Faisons le point. Nous sommes partis de cette question « Et si… » qui relit le passé, et les chemins qui n’ont pas été empruntés, avec, pour ce qui dépend de nous, d’éventuels regrets, une repentance possible. Pour ce qui ne dépend pas de nous, pour ce qui relève de forces comme celles du Seigneur d’un côté, et celles de la mort de l’autre, le jeu du « et si… » bascule rapidement dans des considérations paranoïaques et cauchemardesques. Mais justement, ce n’est pas la réalité. Celle-ci reste marquée par les souffrances, les angoisses et les épreuves. Pourtant, le pire reste à distance. Nous le croyons, comme celles et ceux qui priaient ce Psaume, le Seigneur est présent, il est affecté par ce qui nous blesse, il nous propose de prendre notre croix sur lui. Et cette conviction nous fait du bien, elle est bénédiction, et elle mérite d’être partagée.
Avant de finir, et comme annoncé, que se passe-t-il quand nous jouons au jeu du « et si… », non pas en changeant le passé pour un autre présent, mais en imaginant d’autres futurs, d’autres « à venir » ?
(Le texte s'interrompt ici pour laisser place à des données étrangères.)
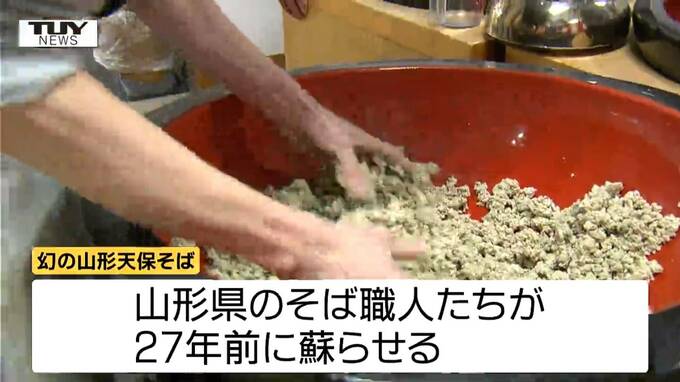 およそ170年前のそばの実を復活させた、幻とも呼ばれる「天保そば」の試食会が山形市で開かれ、「天保そば」のふるさと、福島県大熊町の人たちが特別な時間を楽しみました。
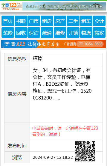 女,34,有初级会计证,有会计,文员工作经验,电梯证A,B2D驾驶证,货运资格证,想找一份工作,15200181200,
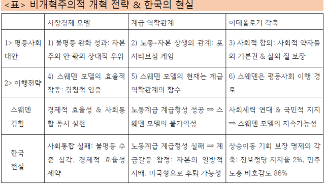 평등사회의 대안인 스웨덴식 사회민주주의로 나아가는 비개혁주의적 개혁전략
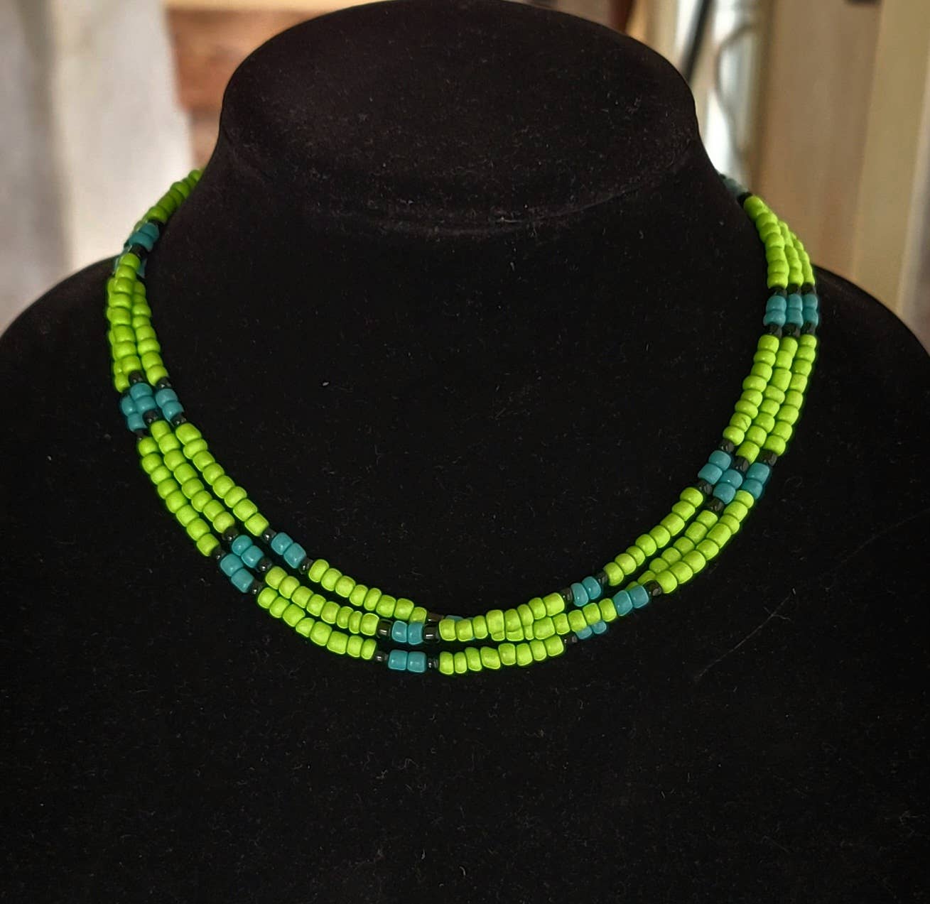 Wholesale Native American Southwest made Turquoise glass bead choker
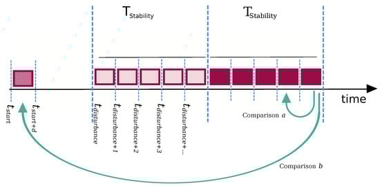 The basic idea is illustrated in Figure 2: The green arrows indicate the comparison of probability distributions as discussed in the context of Challenge 2. We define periods of consecutive estimations and compare the results of the measurements as aggregated value for a certain time frame () against the previous time frame. Therefore, specifies the size of the considered window and d refers to the fixed/sliding window size. In particular, we now shift the focus towards long-term comparisons instead of the one-by-one comparisons. Again, a suitable approach may be the usage of a hybrid technique, i.e., considering both windows: an initial pre-defined window and the previous sliding window. From this general concept, the following research questions have to be addressed: (a) What is a meaningful lower bound for a factor k (number of frames) such that provides meaningful results for a stability estimation? (b) How can the stability be expressed to consider the differences between the observed behavior within different time frames (of size )? and (c) How can we distinguish between a short-term level of stability (i.e., k is 1—in response to an identified disturbance using techniques such as []) and the long-term stability of the system (i.e., k is larger than 1—taking certain interval into account, such as a day)?
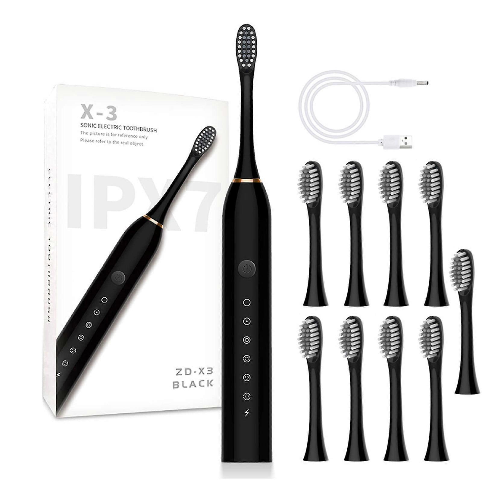 🔔🔔Hello friend, welcome to Leodye Online shop. We are dedicate to bring better products to you with proper price!🔔🔔 Electric Toothbrush Electric Toothbrush With 10 Brush Heads 6 Cleaning Modes Upgraded Electric Toothbrush Longer Life Faster Chargin Feature: Material: ABS Colour: Black Net weight: 90g/0.19lb Gross weight:200g/0.44lb Product size:22x2.5x2.5/8.66x0.98x0.98in Packing size:22x7x4cm/8.66x2.75x1.57in performance: IPX7 Power: 1.5W Rated voltage: 5V Input voltage: 5V 1A Cleaning frequency: 32000-42000/times Timing function: 2 minutes timing, 30 seconds pause Noise: 45 decibels Charging time: 8 h Battery life: 15-30 days Description: 【Deeply Clean Teeth and Removes up to 5X More Stains 】Electric toothbrush Vibration frequency: 42000 times/minute, removing up to 5X more stains vs. a manual toothbrush. gently pulses fluid between the teeth and along the line for a gentle and effective clean every time. 【6 Modes for Different Teeth and Conditions】The electric toothbrush has 6 modes, suitable for adults. Working mode: Novice mode/mild mode/cleaning mode/brightening mode/polishing mode/massage mode 【10 Replaccement Heads for over 2 Years Using】The soft, bristles are designed to suit teeth topography and up to 100 percent more stains from spots. Interdental brush can go into the teeth and ideal for cleaning between braces, crowns, and implants. 【8 Hours Charging for 60 Days Using】Working time: if you use it at 3 minutes each morning and evening, a total of 60 days, brushing cycle (when fully charged).Electronic toothbrush run for more than 60 days with 8 hour charge. USB cable 5V 1A Adapter (Adapter is not included in the package) or applicable to a USB port, such as phone, power bank and so on. Great for carrying and traveling. 【IPX7 Rechargeable toothbrush with IPX7 rated design, so the entire toothbrush can be safely rinsed with water and user can safely use toothbrush in the bath or shower. Package : 1x Electric toothbrush 10x Toothbrush mind 1x Manual 1x Charging cable Leodye Summer Sales; Leodye Special Offers; Leodye Mother's Day Special Offers; Leodye Father's Day Special Offers; Independence Day Special Offers; 4th of July; Back to Season Sales Made of good materials, safe and durable, with excellent texture. Good and economical, we provide you with quality household supplies. The size of the product is measured manually, and there will be a little error of measurement. We hope you can understand. Take care about the color. Due to different angle of shot, lighting, PC display, there maybe a little differences between the pictures and product itself. However, we try our best to make the color as accurate as possible. If you have any problems, please feel free to contact us. We will help you to solve them as soon as possible.

Là aussi, nous pouvons envisager les progrès des forces de mort. Nouveau variant du Covid, épidémie de grippe, guerre en Ukraine qui dégénère encore en se généralisant ou par un surcroît d’atrocités, multiplication des catastrophes liées au changement climatique, aggravation de la crise démocratique… Nous ne manquons pas de sujets extérieurs pour craindre des souffrances. Sans compter notre propre situation, notre état de santé ou celui de nos proches…
Mais justement, parce que nous nous retrouvons ensemble, ce matin dans ce temple, c’est parce que nous croyons que Dieu est du côté de la vie, et parce que nous croyons aussi qu’il a besoin de nous pour que le Royaume que nous désirons puisse être toujours plus proche, plus accessible… Oui, le Seigneur, incarné dans la réalité de notre condition humaine, notre Seigneur nous a donné la capacité de rêver, et je pense même qu’il nous encourage à le faire. J’ai parlé des prophètes tout à l’heure : leurs visions du règne de paix sont bienfaisantes ! Quant aux paraboles de Jésus pour nous faire discerner les contours du Royaume, ne sont-elles pas aussi réjouissantes ? Que dire aussi de ces discours que nous admirons toujours, plus de cinquante ans après, comme le « I have a dream » du pasteur Martin Luther King Jr ?
Oui, « et si… demain était plus proche du Royaume qu’aujourd’hui ? » « Et si… nous étions plus nombreux ? » « Et s’il… y avait davantage de jeunes dans nos églises ? » « Et si… nous osions davantage communiquer notre espérance à celles et ceux qui sont nos prochains ? » Nous pouvons nous poser ces questions et d’autres encore, non pas en regrettant ce qu’il aurait fallu faire autrement hier, mais en cherchant à construire avec la prière et avec l’aide de l’Esprit ce qui nous semble correspondre à la volonté de vie du Seigneur. « Notre secours est dans le nom du Seigneur, qui a fait le ciel et la terre. » Oui, le Dieu de la Création, le Dieu de la vie, est avec nous. Il nous libère des pièges de la peur. Il nous a délivré des prisons de notre passé, il nous accompagne aujourd’hui, et il nous invite à marcher avec confiance vers demain. Amen.